In the previous part, we analyzed how ES cluster chooses its master. A brief review is that Bully algorithm is optimized to try to avoid data inconsistency. So today, we will continue to analyze how data is stored in the cluster. We know that ES data copies are based on the master-slave pattern, that is, a data shard contains one master shard and multiple replica shards, so how does the master-slave pattern work? Keep reading.

Several terms

Before introducing the MASTER-slave pattern of ES, we need to understand a few key terms:

  • Replica Group: A collection of data that are copies of each other. Only one copy of the Secondary group is the Primary data, and the other copies are Secondary data.
  • Configuration: The Configuration information describes the replicas of a copy group, who the Primary is, and which node it is on.
  • Configuration Version: Indicates the Version of the Configuration information, which increases with each change.
  • Serial Number: indicates the sequence of write operations. Each write operation increases and is maintained by the primary copy. Serial Number for short is SN.
  • Prepared List: Prepared List of write operations. Store a List of external requests and sort the requests by SN. The SN of the write operations added to the List must be greater than the maximum SN
  • Committed List: Committed List of write operations.

Data writing process

The write process is summarized as all requests are routed to the master shard and then copy synchronization is performed. The detailed steps are as follows:

  1. The client write request arrives at the coordination node, and then passes the preliminary verification, and routes the request to the master shard.
  2. Once the master shard is reached, it is validated again, and then the write request is executed on the master shard;
  3. After the operation succeeds, the master shard synchronizes the request to all in-SYN shards concurrently.
  4. The write operation of all copy fragments such as the master copy succeeds and replies, and then returns to the coordination node.
  5. The coordination node replies the client after receiving the reply.

This is the normal write process, so think about it, what should happen if there is a failure in the process?

  • Master Shard Exception If the Master shard is abnormal, the Master shard sends a write request to the Master, and the Master rerouts the request to the new Master shard.
  • The Master removes the abnormal shard from the in-sync-Replica and informs the Master shard. Then the Master guides the Master to create new replica shards and synchronizes data.

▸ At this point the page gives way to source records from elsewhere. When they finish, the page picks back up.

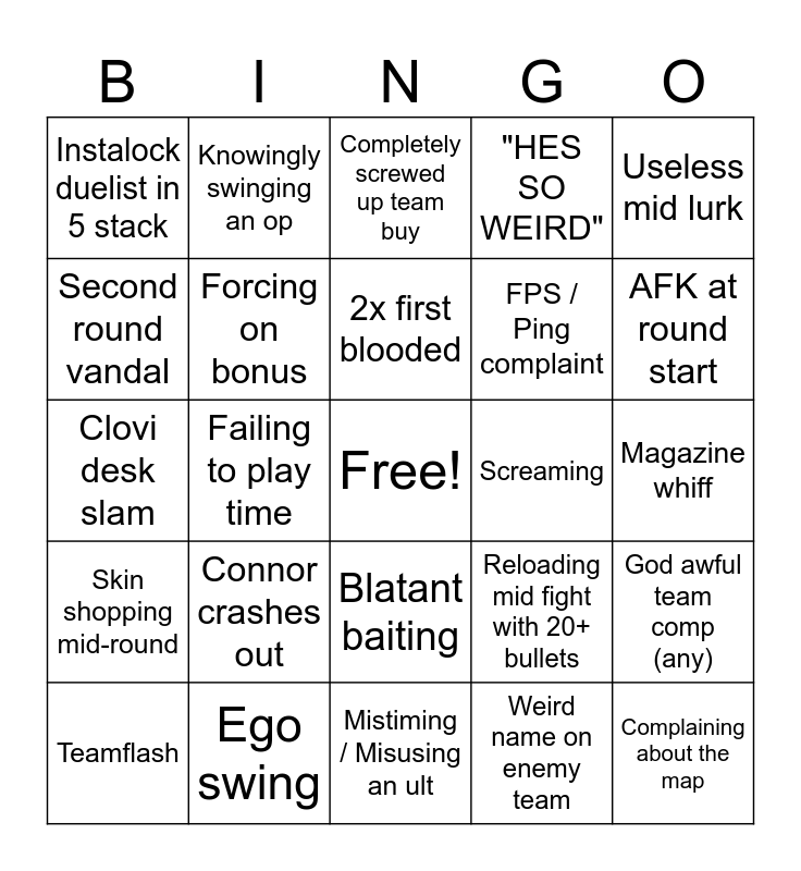 This bingo card has a free space and 24 words: Connor crashes out, Ego swing, 2x first blooded, Teamflash, Useless mid lurk, Instalock duelist in 5 stack, Second round vandal, Knowingly swinging an op, Screaming, Blatant baiting, FPS / Ping complaint, Clovi desk slam, Reloading mid fight with 20+ bullets, God awful team comp (any), Forcing on bonus, Weird name on enemy team, Magazine whiff, Completely screwed up team buy, AFK at round start, Failing to play time, Complaining about the map, Skin shopping mid-round, "HES SO WEIRD" and Mistiming / Misusing an ult.
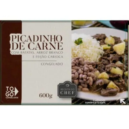 Arroz integral, coração bovino, músculo bovino, cenoura, chuchu, batata inglesa e fígado bovino
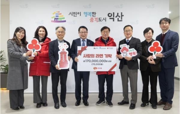 ㈜하림(사장 정호석)은 29일 익산시청을 찾아 지역 내 취약계층을 지원하기 위해 라면 3,700상자(1억 7,000만 원 상당)를 기탁했다.
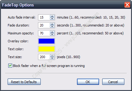 FadeTop's purpose is twofold. It is designed to help people relax their eyes by reminding them to take a break once in a while and, at the same time, be as unobtrusive as possible. As such, the application is very easy to install, simple to configure and places very little strain on the computer's resources.
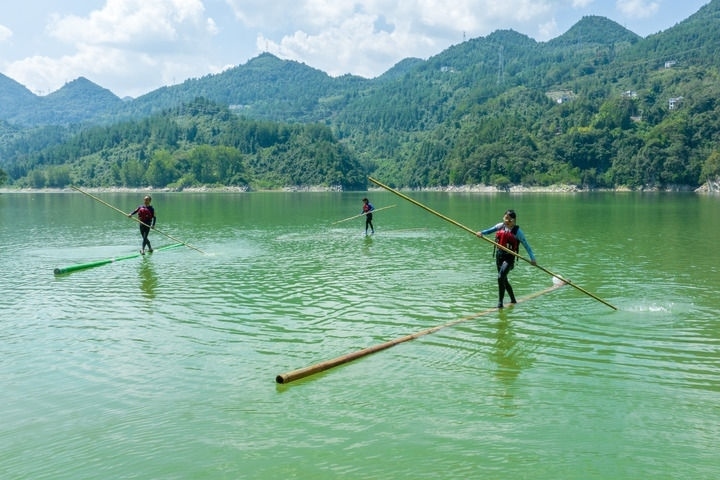 2023年9月15日,愛好者在湖北宣恩雙龍湖上練習(xí)“獨(dú)竹漂”(無人機(jī)照片)。新華社發(fā)(王法鈞攝)
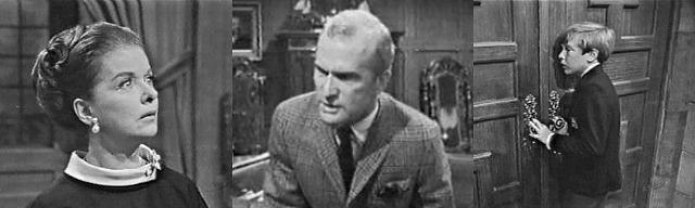 Liz and Roger are seated in the drawing room. Patterson says the one thing he doesn't understand is what Burke Devlin would have to gain by lying about the purpose of that meeting--would you know, Mrs. Stoddard? I have no idea, she says. Well, says Patterson, I have two stories here, Burke's and your brother's--each exactly the opposite. There's a third man involved, says Roger. That's true, says Liz, have you questioned him? Yes, says Patterson, and he said exactly the same as Roger--he had no idea what the meeting was about. That should settle it, insists Roger, wouldn't you say? I wish it were that easy, says Patterson--poor Bill, if he knew what his drowning was stirring up. Nothing is being stirred up, says Roger, rising from his chair--don't you see that?--it's only what Burke is doing. It's enough, opines Patterson. Burke has never forgiven me for testifying at his trial, insists Roger--he would do anything to cause me as much anguish as possible--his story is completely false! All right, says Patterson, thanking them--I'll be in touch, he says. Roger volunteers to see him to the door. Liz tells her brother she wants to see him, and Roger says in a minute--to Patterson, he says, you were involved in that investigation that led to Burke's trial--don't you know whether he's guilty or not? (Was it Patterson or Carter? They are two different lawmen, right?) That's part of my problem, says Patterson. David joins them in the foyer and asks the sheriff, "Aren't you taking him with you?" Patterson chuckles and asks who. Go upstairs, Roger orders his son. That's all right, says Patterson, a hand on David's shoulder--did you think I was going to arrest your father? Yes, says David. I was thinking of it, says Patterson, but he kind of talked me out of it--what have you got there? A chart, says David--it shows exactly where Mr. Malloy's body went into the water--here, I made it for you. He hands it over to the sheriff, who thanks him and says he'll take it along to the office and study it--that's quite a boy you have there, Mr. Collins. Yes, agrees Roger. Patterson says he'll be in touch and suggests to David that he keep up the detective work, then leaves. Roger and David exchange ugly looks, walking in opposite directions, and the father turns back to gaze at his son, who looks back stoically.
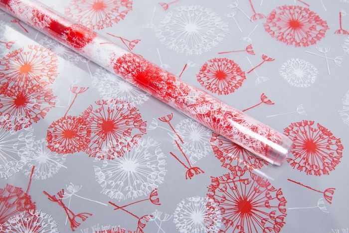 Ролик 70см х8м пленка полипропилен с рисунком Одуванчики белый красный 1/10 оптом и в розницу в Набережных Челнах, цены в каталоге с доставкой
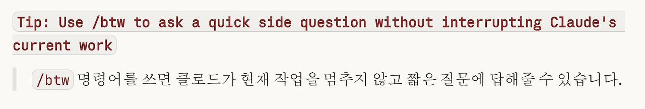 중간중간 자신이 하는 일을 알려주다가 저에게 결정을 하라고 요구합니다. 그 사이에 공백이 발생합니다. 모두 다 따라갈 수는 없기에 눈에 띄는 것들은 화면 덤프를 해서 클로드에게 어떤 내용인지 묻습니다. 그러다가 클로드 코드 실행 중에 질문을 답할 수 있는 방법을 팁으로 배웁니다.
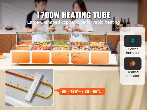 Fast Heating, Lasting Warmth: This impressive food warmer with glass cover comes with a powerful 1700-watt stainless steel heating tube that rapidly warms up your food to maintain its hot and delicious flavors. You can adjust the temperature output to suit your preference, ranging between 86-185°F / 30-85°C, thanks to the temperature controller.
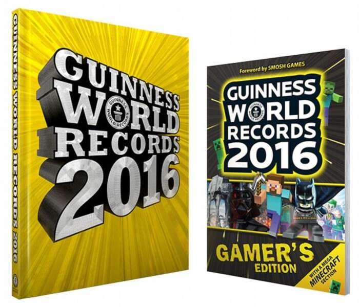 ספר השיאים של גינס 2016, וגירסת ה"גיימרים" שעוסקת בשוברי השיאים בתחום המשחקים // צילום: יו-טיוב
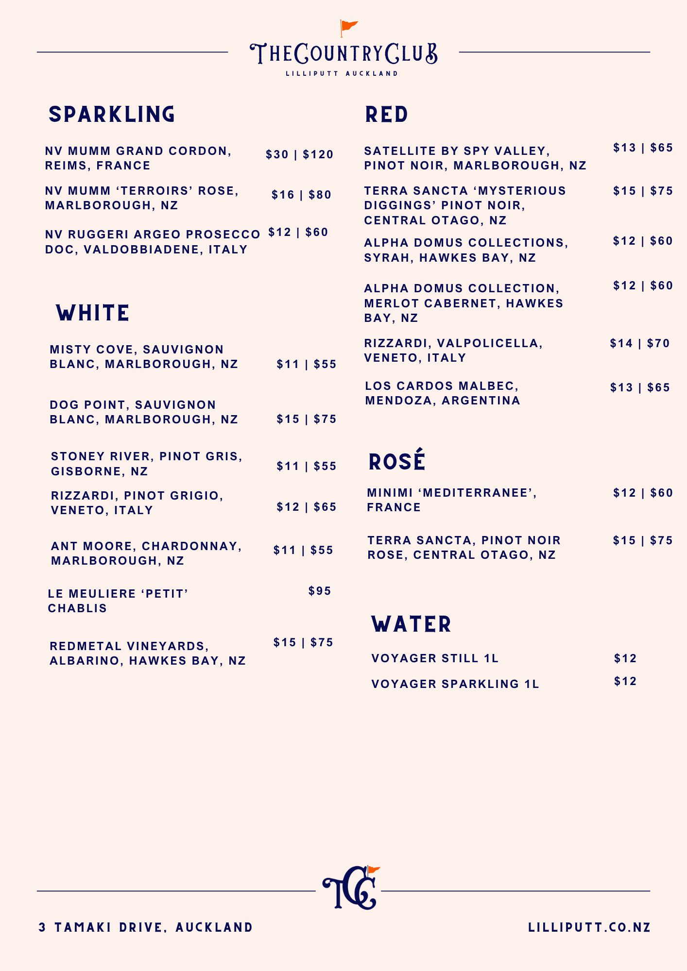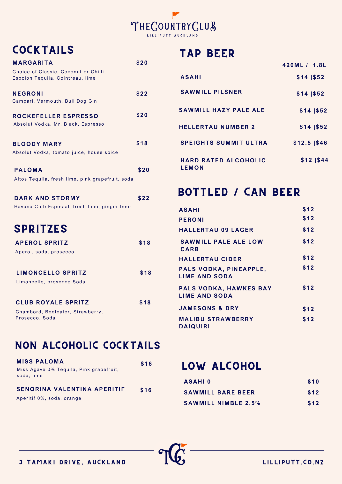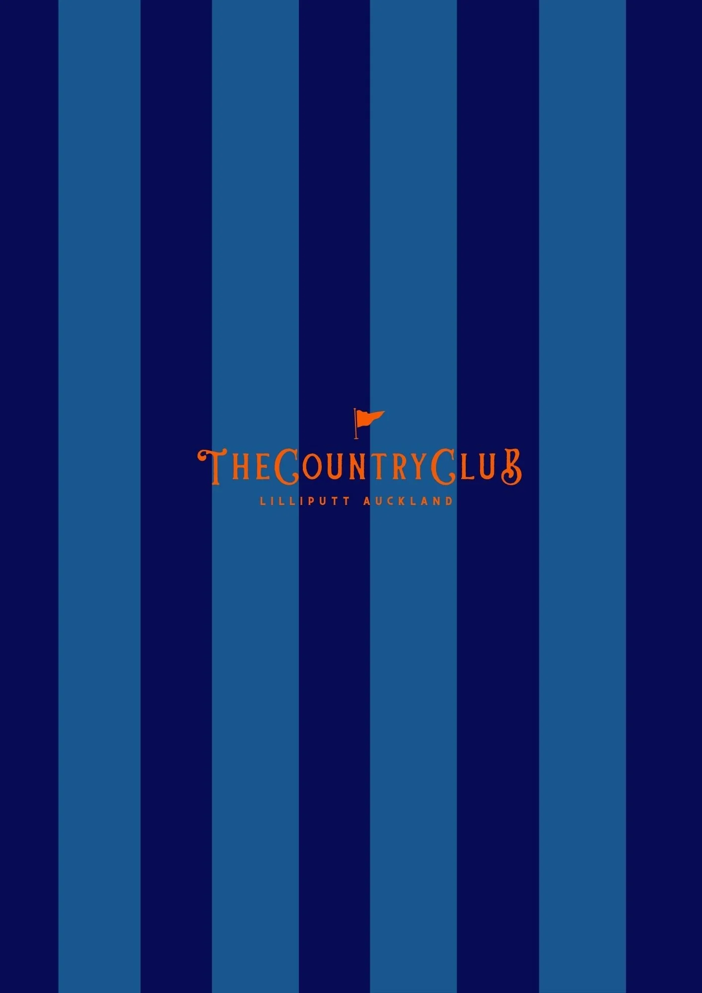 Cover of a publication titled 'The Country Club' with blue and dark blue vertical stripes, a small orange flag, and orange text indicating it is from Lilliput Auckland.

Data synchronization between master shard and replica shard

Here is a brief introduction to the data copy policy in active/standby mode

  1. After the write request reaches the primary node, an SN is generated, and an UpdateRequest is constructed using the SN, which is stored in the local Prepare List
  2. After receiving the update from the slave node, the slave node inserts the update into the Prepare List and sends an ACK to the master node.
  3. After receiving all the replies from the slave nodes, the master sends the UpdateRequest to the Committed List, which is moved one bit later.
  4. The master sends a COMMIT request to all slave nodes, telling them where the committed List is, and then the slave nodes synchronize it

After the above four steps, the data consistency between the primary and secondary data can be basically guaranteed

Abnormal detection between active and standby nodes

Lease mechanism: The master copy periodically obtains the possible exceptions of the lease from the standby copy and the solutions:

  1. If the Master node does not receive a lease reply from a replica node within a certain lease period, it tells the Master to remove it and demote itself from being the Master node.
  2. If the replica node does not receive a lease request from the master node within a grace period, the configuration manager is told to remove the master node and promote itself as the master node. If multiple slave nodes compete for promotion, the slave node will be promoted as the master node

Theoretically, in the absence of clock drift, as long as the grace period >= lease period, the master node is guaranteed to perceive the lease expiration first. Therefore, when the new master node is generated, the old master node is already invalid and the brain split will not occur.

These are reflected in ES:

The active and standby nodes are the Master nodes in ES. Prepare List corresponds to local checkpoint Committed list corresponds to global checkpoint Each copy in ES has a local operation sequence number and a global operation sequence number. The master shard is responsible for advancing the global operation sequence number, and the local maintains the local operation sequence numberCopy the code

The last

The above is the simple analysis of ES data model, and the text and pictures will be supplemented later.